First of all, I’ve never tried to burn it for that long, nor will I attempt to, and nor should you try to either (didn’t ya mama ever teach you not to believe everything on the internet? lol, joke) but seriously, here’s why:
The Crisco Candle is an Emergency Candle for a reason. It is not designed to be a long term source of light, but it could help in emergency situations. The Crisco container is a foil-lined cardboard tube which can definitely catch fire once the melted oil makes its way down into the paper. In the event you must use this option, it’s a good idea to scoop some of the Crisco into a more stable container that has less of a chance of burning through.
As seen in the picture, I collect Candle glasses after the wax has burned down specifically for this purpose—so I can use it in the event I must make my own candle. The Crisco Candle is a great creative source of light for an emergency, but it is not something you leave burning for an extended period of time or that you walk away from.
Butter Candle
This one comes with the same Caution label as the Crisco because of the paper wrapping, but we’ll get to that later.
You’ll need:
• 1 Stick of Butter
• Knife
• Toilet Paper
• Toothpick
• Lighter
Take the stick of butter and slice it in half, that’s right, right down the middle (horizontally of course….please don’t slice the butter down the middle from the top, vertically in other words. It will be no good).
Next, with the toothpick, make your hole in the middle by sticking it down in the middle; this is where your “wick” will go.
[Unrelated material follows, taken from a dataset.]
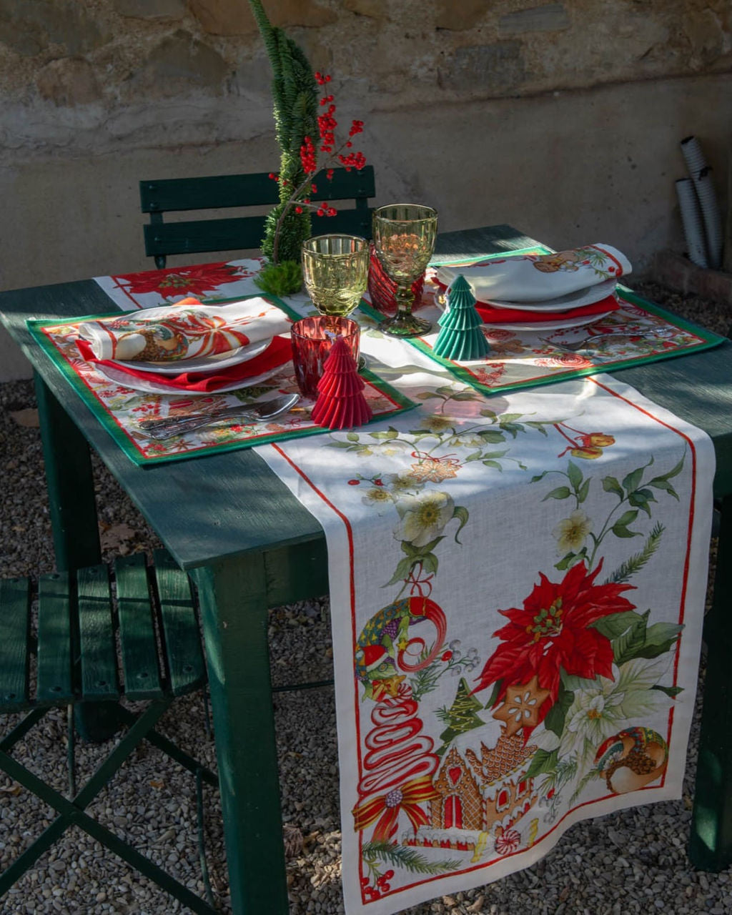 Il runner natalizio MARZAPEPE di Tessitura Toscana Telerie cattura la magia del Natale con stelle di Natale rosse, bacche e biscotti allo zenzero che decorano un raffinato tessuto in 100% lino. Elegante e gioioso, dona alla tavola un tocco fiabesco e accogliente, evocando i profumi e i ricordi più dolci delle feste. Perfetto per chi ama un Natale autentico, caldo e ricco di tradizione artigianale.

Now, you can buy extra wicks for emergencies, but if not, you can make your own. Tear a nice piece of toilet paper, and roll the toilet paper into a tight roll like your rolling a blunt (don’t lick it though).
Now, twist the rolled toilet paper so that it’s nice and tight, and bend it at the end as seen in the picture.
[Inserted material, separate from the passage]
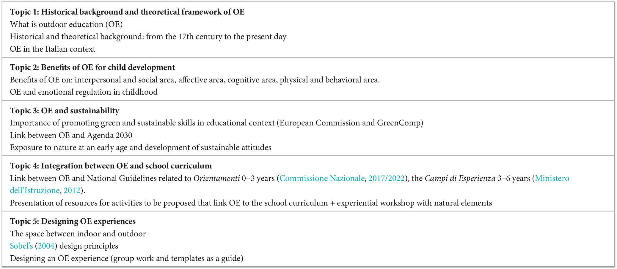 After analyzing the literature, key contributions were identified for designing a training course on OE for student teachers and educators in the 0–6 educational sector. Publications providing theoretical and historical frameworks were selected (e.g., Antonietti et al., 2022; Dahlgren and Szczepanski, 1998; Fang et al., 2022; Weyland and Galletti, 2018). Next, studies highlighting OE’s benefits for child development (e.g., Dillon et al., 2004; Pirchio et al., 2021; Yıldırım and Akamca, 2017; Weeland et al., 2019) and its role in fostering sustainable attitudes (e.g., Valentini et al., 2017; Wells and Kristi, 2006) were also included. Several studies on teachers’ and student teachers’ attitudes toward adopting OE were examined (e.g., Barrable and Lakin, 2020; Barrable et al., 2022; Borsos et al., 2022; Sjöblom et al., 2023; Tuuling et al., 2019). We examined interventions where the effects of OE training were explored (e.g., Cevher Kalburan, 2022; Gray and Colucci-Gray, 2019; Sekula et al., 2024; Wineberg, 2023; Zacharious and Valanides, 2006). The review by Wolf et al. (2022), synthesizing 46 empirical studies worldwide and focusing on competencies, content areas, and pedagogical strategies for OE preparation, was particularly relevant. Finally, publications containing valuable guidelines for OE pathway design and teacher preparation were also considered (e.g., Higgins and Nicol, 2002; INDIRE et al., 2024). These topics are detailed in Table 1.

Using the toothpick, stick your toilet paper wick into the butter (the bended end will make it easier to stick it down). Make sure to rub the top of your toilet wick around a bit in the butter before lighting it.
Light it and there you have it, a butter candle!
Now, this is an emergency tip. Like the Crisco, it is not designed to last for long periods of time without taking extra precautions. Instead of having it just in the butter like on these pictures, you can just take some butter and put it into a better container to ensure a longer burn.
Every Tablespoon of butter burns for approximately 1 hour. That means one stick of butter will give you 8 hours of emergency light. Use your time wisely.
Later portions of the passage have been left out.